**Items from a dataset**
Content starts

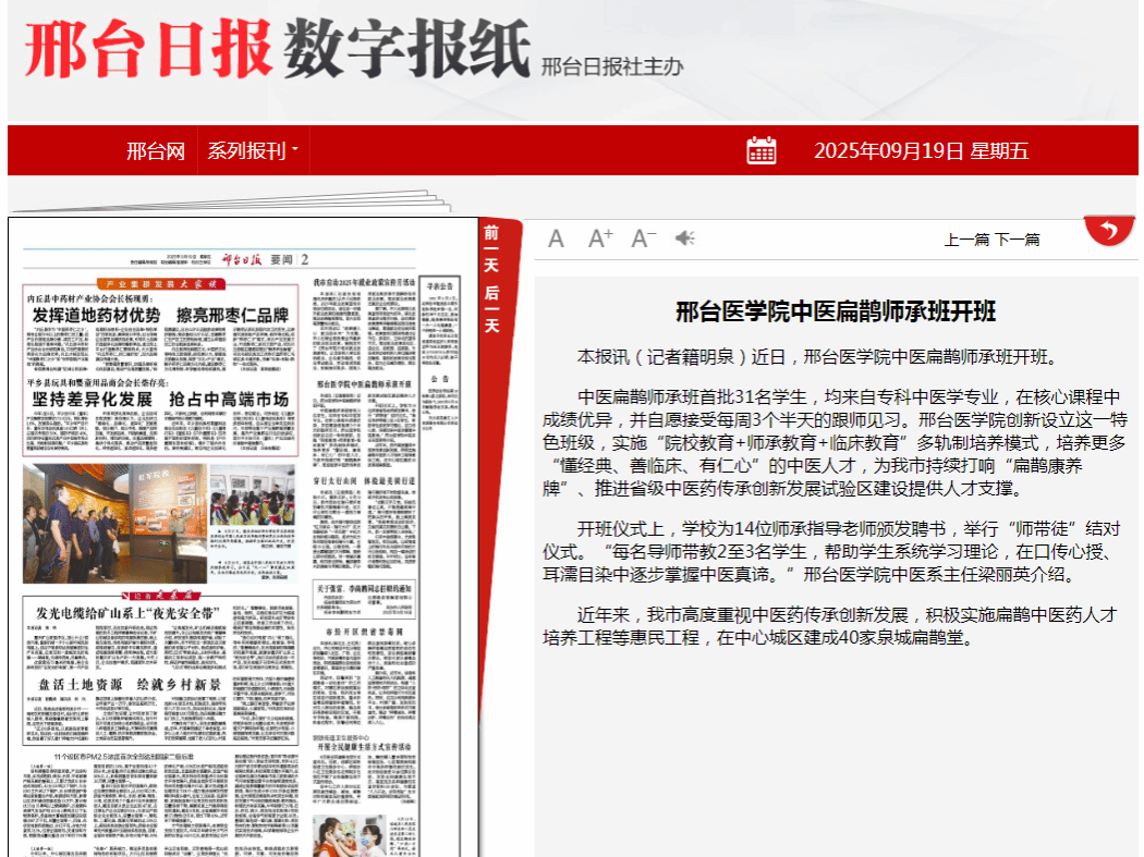 中医扁鹊师承班首批31名学生,均来自专科中医学专业,在核心课程中成绩优异,并自愿接受每周3个半天的跟师见习。beat365平台官方网站创新设立这一特色班级,实施“院校教育+师承教育+临床教育”多轨制培养模式,培养更多“懂经典、善临床、有仁心”的中医人才,为我市持续打响“扁鹊康养牌”、推进省级中医药传承创新发展试验区建设提供人才支撑。
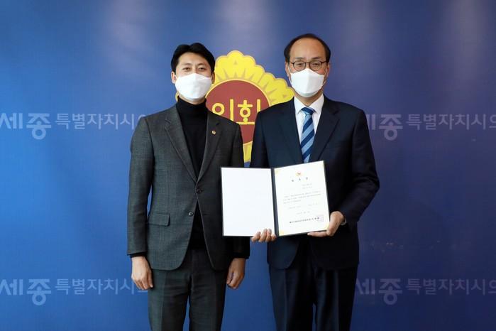 [세종=세계타임즈 이채봉 기자] 세종특별자치시의회(의장 이태환)는 12일 입법 활동 지원을 강화하기 위해 조용호 입법고문을 신규 위촉했다고 밝혔다.
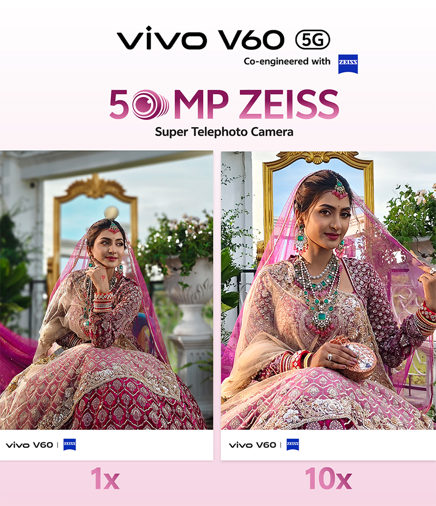 আরও বলা হয়, বিয়ের দিনটি সবার জীবনের জন্য একটি বিশেষ মুহূর্ত। বর-কনে এমনকি অতিথিদের জন্য মুহূর্তগুলো হয় আবেগে জড়ানো। ক্ষণস্থায়ী হলেও মুহূর্তগুলোর রেশ রয়ে যায় আজীবনের জন্য। যা পুনরায় অনুভব করা সম্ভব হয় না। ভিভো ভি৬০-এর টেলিফটো ওয়েডিং পোর্ট্রেট মোডের ৮৫–১০০ মিমি ফোকাল লেন্স এই মুহূর্তগুলোকে রূপান্তরিত করে চিরস্থায়ী স্মৃতিতে। ছবিগুলোতে ধরা পড়ে প্রাকৃতিক দৃষ্টিকোণ, নিখুঁত বিস্তারিত এবং সিনেমাটিক বোকেহ– ঠিক যেন কোনো পেশাদার মানের ফটোগ্রাফি। বর-কনের শুভদৃষ্টি বা ভিড়ের মধ্যে নাচের আনন্দ, জাইস টেলিফটো লেন্স নিশ্চিত করে, দূরত্ব বা ঝাপসার কারণে যেন কোনো ছবি হারিয়ে না যায়।
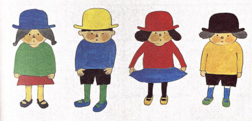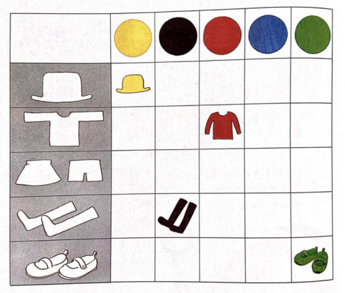 再来看一看,现在这几个小朋友穿戴的物品,应该在表格中对应的哪一行、哪一列呢?
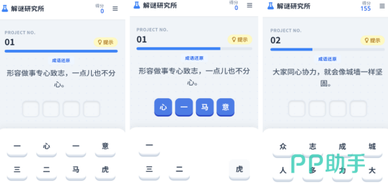 融合文字解析与逻辑推演的创新型解谜产品,关卡机制包含限时通关、线索提示、偏旁拆解、字形重组等多元形式。例如“成语还原”类题型,系统先以白描方式描述成语含义,玩家需从散列汉字中精准识别并组合出对应成语,兼顾知识性与思维训练强度。

Content ends

**Directions**
Exact copy required, pictures excluded: the lines from the one holding "再来看一看,现在这几个小朋友穿戴的物品,应该在表格中对应的哪一行、哪一列呢?" through the last line of the data, both ends included.

**Response below**
 再来看一看,现在这几个小朋友穿戴的物品,应该在表格中对应的哪一行、哪一列呢?
 融合文字解析与逻辑推演的创新型解谜产品,关卡机制包含限时通关、线索提示、偏旁拆解、字形重组等多元形式。例如“成语还原”类题型,系统先以白描方式描述成语含义,玩家需从散列汉字中精准识别并组合出对应成语,兼顾知识性与思维训练强度。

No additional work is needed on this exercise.